(About this exercise)
Only one span is wanted from the lines below: from the one with "Der Welt größtes" up to and including the one with "Рис. 1.2. Процессор Intel Celeron". Copy it exactly, without images.

(Provided material)
◆ ◆ ◆

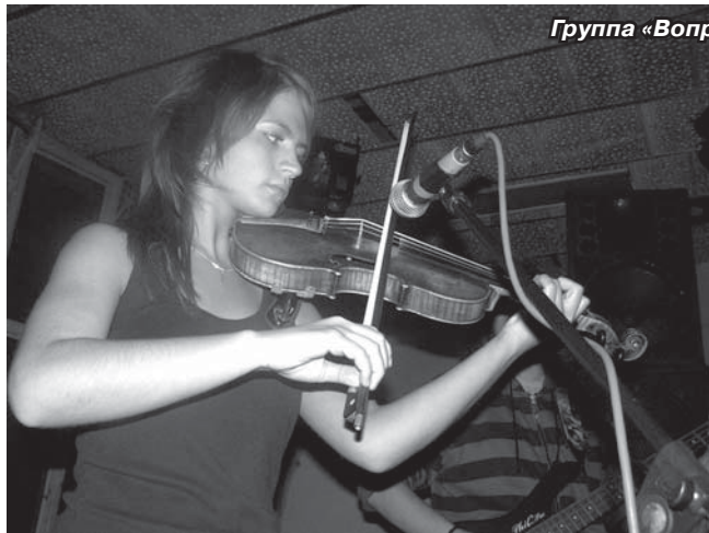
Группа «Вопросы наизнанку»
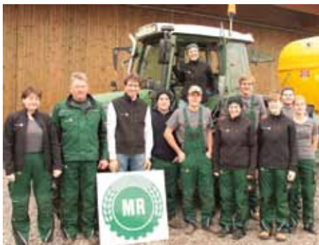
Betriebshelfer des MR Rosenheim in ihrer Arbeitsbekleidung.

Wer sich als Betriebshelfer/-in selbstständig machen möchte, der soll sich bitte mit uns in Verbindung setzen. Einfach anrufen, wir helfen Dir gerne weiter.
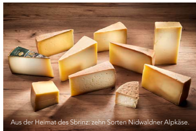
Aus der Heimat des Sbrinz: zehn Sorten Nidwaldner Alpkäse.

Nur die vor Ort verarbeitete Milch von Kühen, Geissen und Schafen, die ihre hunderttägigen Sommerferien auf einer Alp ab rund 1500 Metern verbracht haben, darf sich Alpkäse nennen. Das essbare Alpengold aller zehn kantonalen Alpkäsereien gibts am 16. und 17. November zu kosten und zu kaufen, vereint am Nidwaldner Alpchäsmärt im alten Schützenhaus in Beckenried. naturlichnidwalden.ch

◆ ◆ ◆

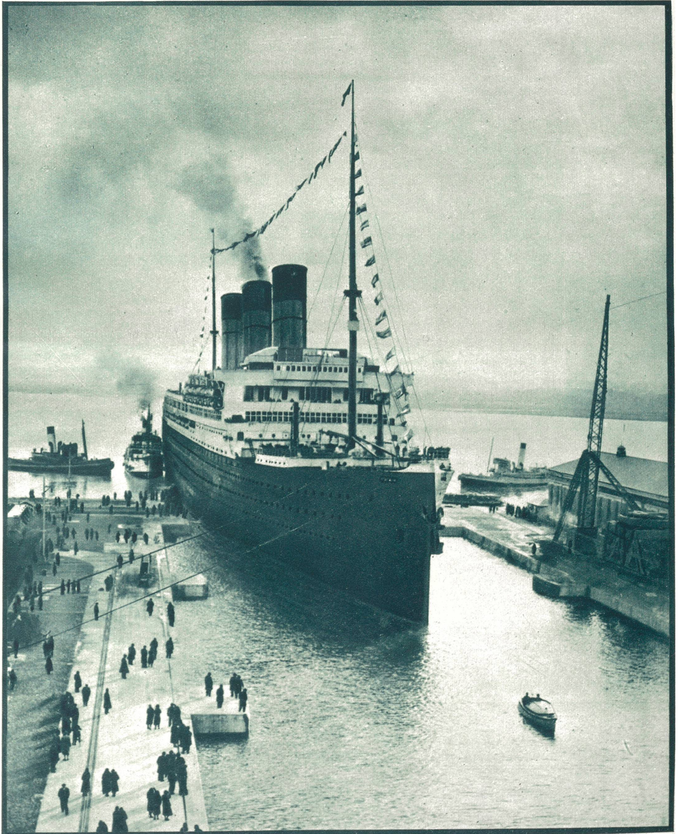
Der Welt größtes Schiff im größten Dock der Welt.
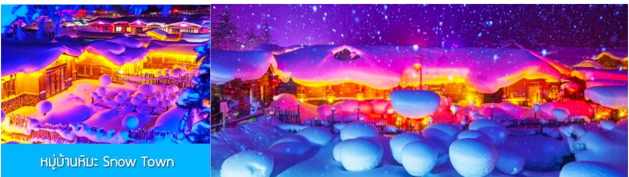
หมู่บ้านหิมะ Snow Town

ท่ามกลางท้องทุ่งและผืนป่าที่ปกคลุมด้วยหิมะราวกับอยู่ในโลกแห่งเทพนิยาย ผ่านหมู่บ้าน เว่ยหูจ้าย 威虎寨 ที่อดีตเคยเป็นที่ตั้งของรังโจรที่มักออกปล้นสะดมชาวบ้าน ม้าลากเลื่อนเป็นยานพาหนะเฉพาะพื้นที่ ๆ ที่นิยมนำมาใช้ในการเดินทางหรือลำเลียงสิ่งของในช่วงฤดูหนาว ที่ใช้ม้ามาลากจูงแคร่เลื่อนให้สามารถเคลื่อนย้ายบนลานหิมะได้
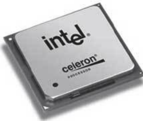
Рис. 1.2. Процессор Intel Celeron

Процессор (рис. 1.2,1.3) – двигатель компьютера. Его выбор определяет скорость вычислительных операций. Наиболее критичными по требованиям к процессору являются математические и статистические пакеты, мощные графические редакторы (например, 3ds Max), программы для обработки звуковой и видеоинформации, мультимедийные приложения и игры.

◆ ◆ ◆

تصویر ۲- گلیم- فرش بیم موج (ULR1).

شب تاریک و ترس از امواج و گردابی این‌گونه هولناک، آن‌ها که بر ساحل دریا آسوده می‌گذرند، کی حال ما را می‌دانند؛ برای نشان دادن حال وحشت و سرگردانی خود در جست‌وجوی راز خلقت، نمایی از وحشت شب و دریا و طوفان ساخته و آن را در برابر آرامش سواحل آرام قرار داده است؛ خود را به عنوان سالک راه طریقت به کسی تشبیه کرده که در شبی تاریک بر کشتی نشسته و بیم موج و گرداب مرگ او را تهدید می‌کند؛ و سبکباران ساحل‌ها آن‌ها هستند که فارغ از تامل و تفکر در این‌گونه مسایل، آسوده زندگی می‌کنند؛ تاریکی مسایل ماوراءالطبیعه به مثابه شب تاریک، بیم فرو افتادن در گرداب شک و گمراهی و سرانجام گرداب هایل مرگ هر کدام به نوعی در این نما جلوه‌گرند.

◆ ◆ ◆

(Answer section)
Der Welt größtes Schiff im größten Dock der Welt.
หมู่บ้านหิมะ Snow Town

ท่ามกลางท้องทุ่งและผืนป่าที่ปกคลุมด้วยหิมะราวกับอยู่ในโลกแห่งเทพนิยาย ผ่านหมู่บ้าน เว่ยหูจ้าย 威虎寨 ที่อดีตเคยเป็นที่ตั้งของรังโจรที่มักออกปล้นสะดมชาวบ้าน ม้าลากเลื่อนเป็นยานพาหนะเฉพาะพื้นที่ ๆ ที่นิยมนำมาใช้ในการเดินทางหรือลำเลียงสิ่งของในช่วงฤดูหนาว ที่ใช้ม้ามาลากจูงแคร่เลื่อนให้สามารถเคลื่อนย้ายบนลานหิมะได้
Рис. 1.2. Процессор Intel Celeron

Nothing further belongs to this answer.